### AVAILABLE DATA
━━━━━━━━━━━━━━━━━━━━━━━━━━━━━━

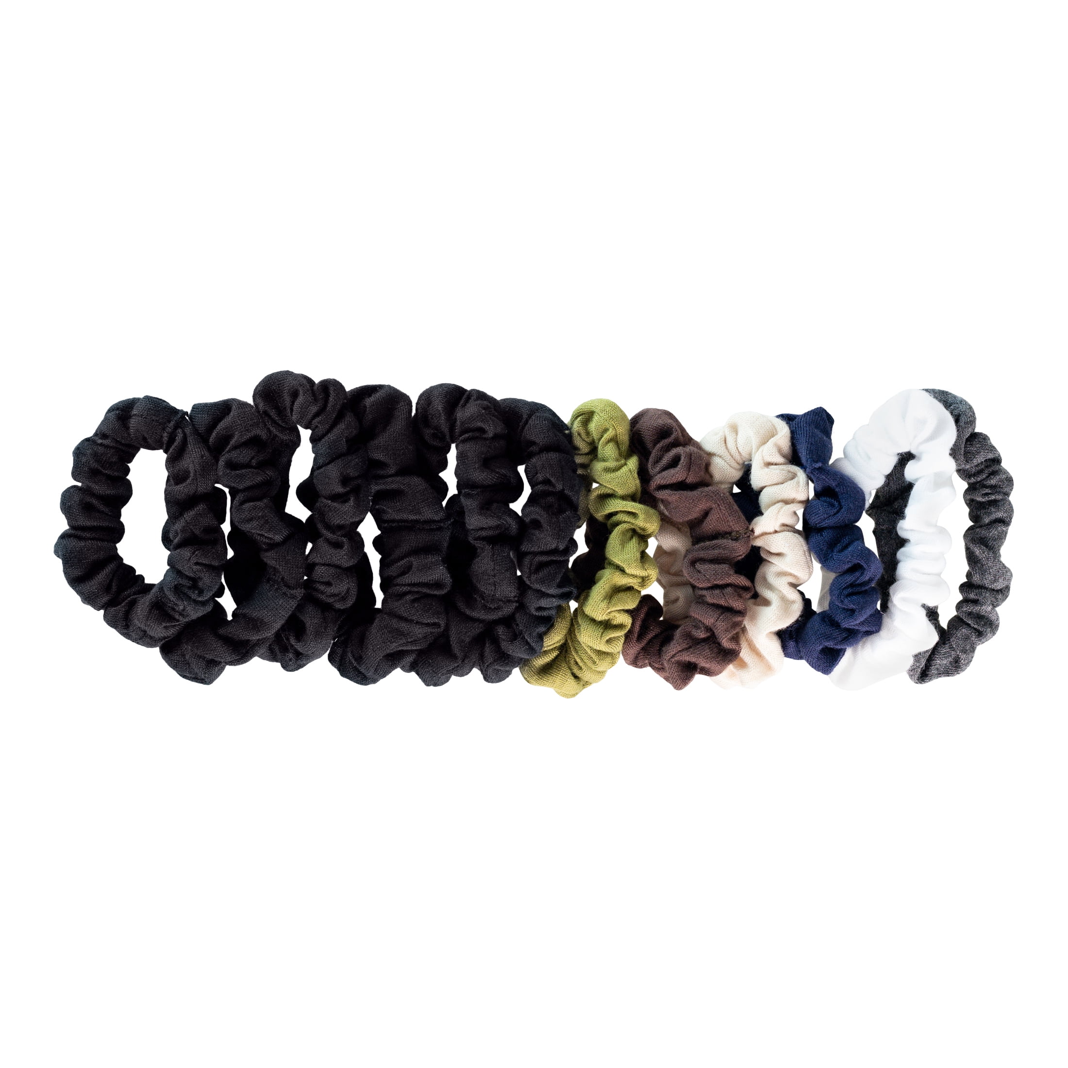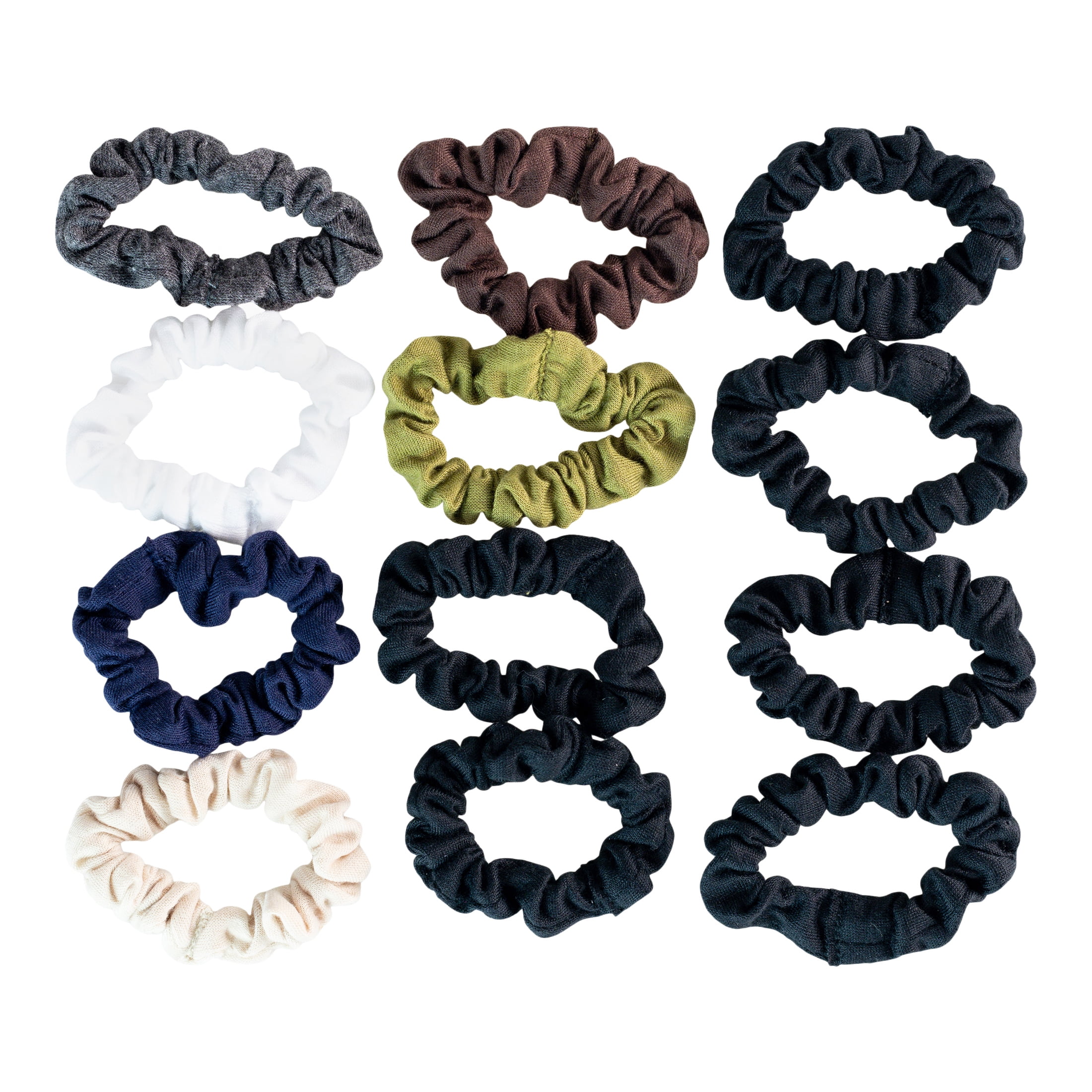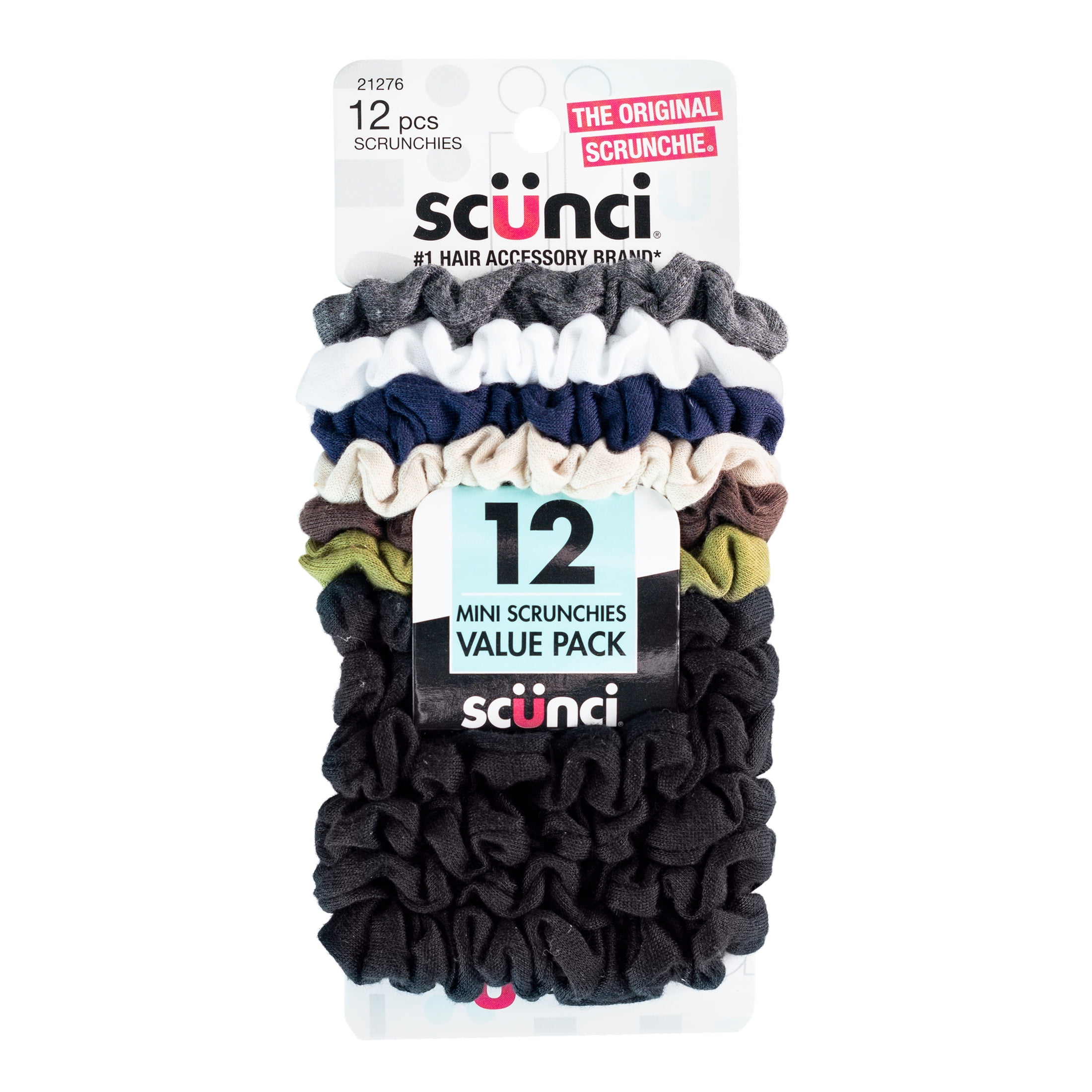 Scunci Original Scrunchies Mini Size in Washable Fabric in Black, White, and Neutral Shades, Perfect for Wrist-to-Hair Versatility, 12ct
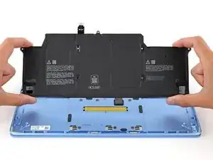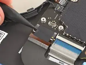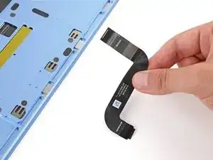 Правая сторона кабеля трекпада закреплена с помощью прочного клея. Нагрев кабеля размягчает клей, облегчая его отделение.
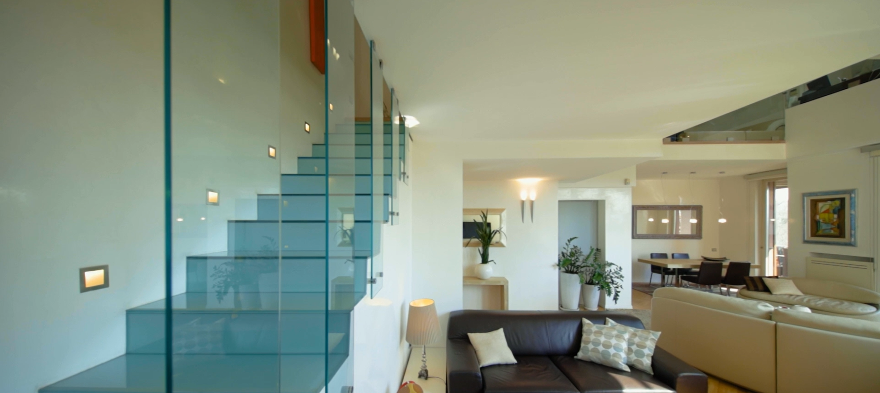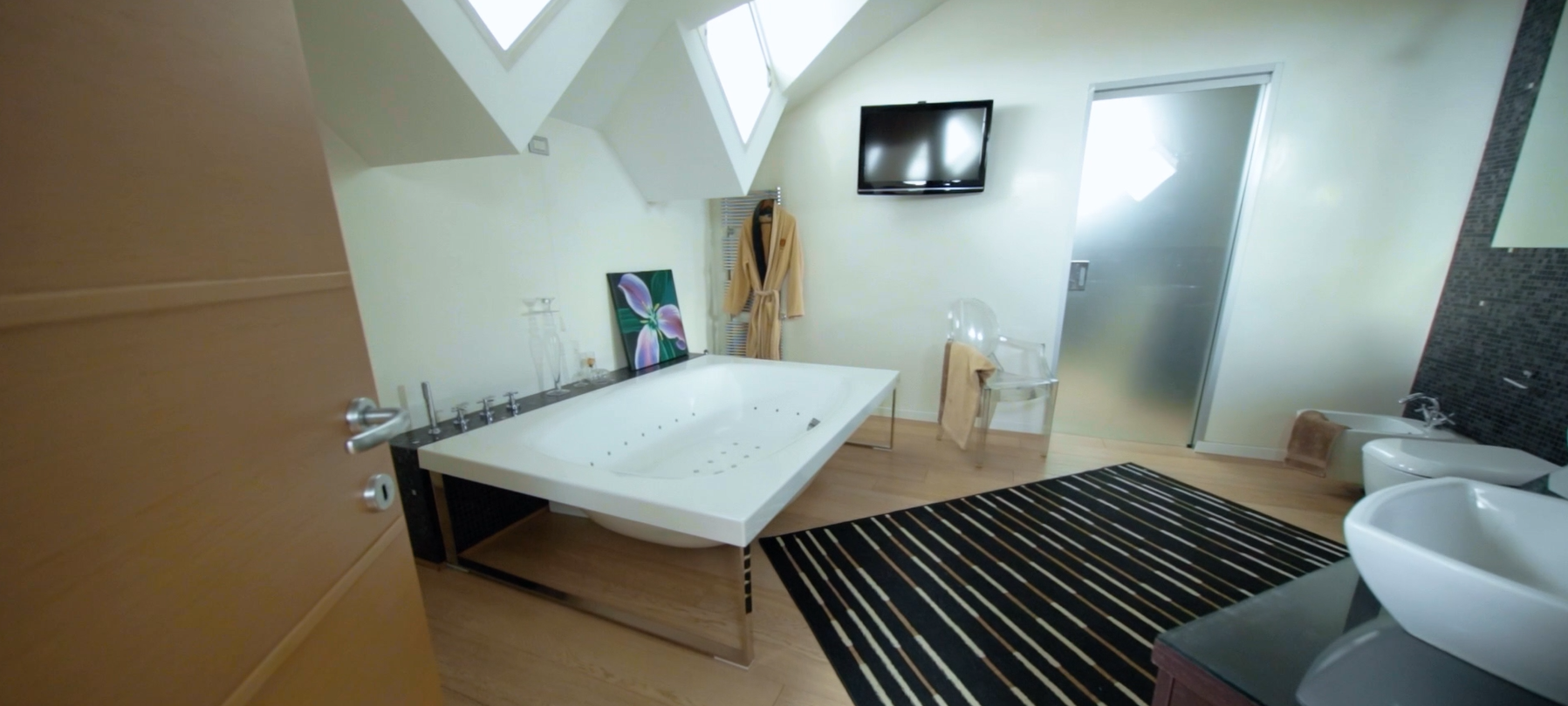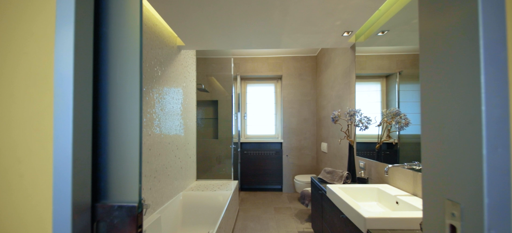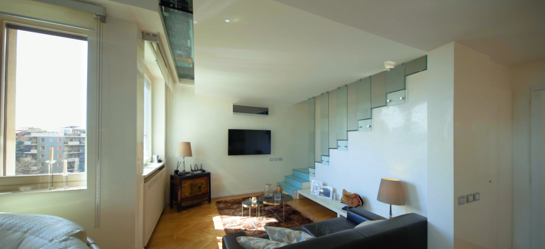 Il piano superiore è accessibile attraverso una moderna scala in vetro. Qui, il soppalco si apre su un ufficio luminoso e un’area fitness privata, offrendo un comodo affaccio sulla zona giorno sottostante. La zona notte di questo livello ospita la suite padronale, concepita come un vero rifugio per il benessere personale, grazie all’accesso diretto a un bagno dotato di grande vasca idromassaggio e a una zona doccia con seduta ergonomica e finiture in mosaico, una vera e propria spa privata d’eccellenza.

━━━━━━━━━━━━━━━━━━━━━━━━━━━━━━

### TASK DESCRIPTION
Repeat the lines of the listing above verbatim, beginning at its first line and ending at the line containing "Правая сторона кабеля", which is included. Omit pictures.

### ANSWER TO THIS TASK
 Scunci Original Scrunchies Mini Size in Washable Fabric in Black, White, and Neutral Shades, Perfect for Wrist-to-Hair Versatility, 12ct
 Правая сторона кабеля трекпада закреплена с помощью прочного клея. Нагрев кабеля размягчает клей, облегчая его отделение.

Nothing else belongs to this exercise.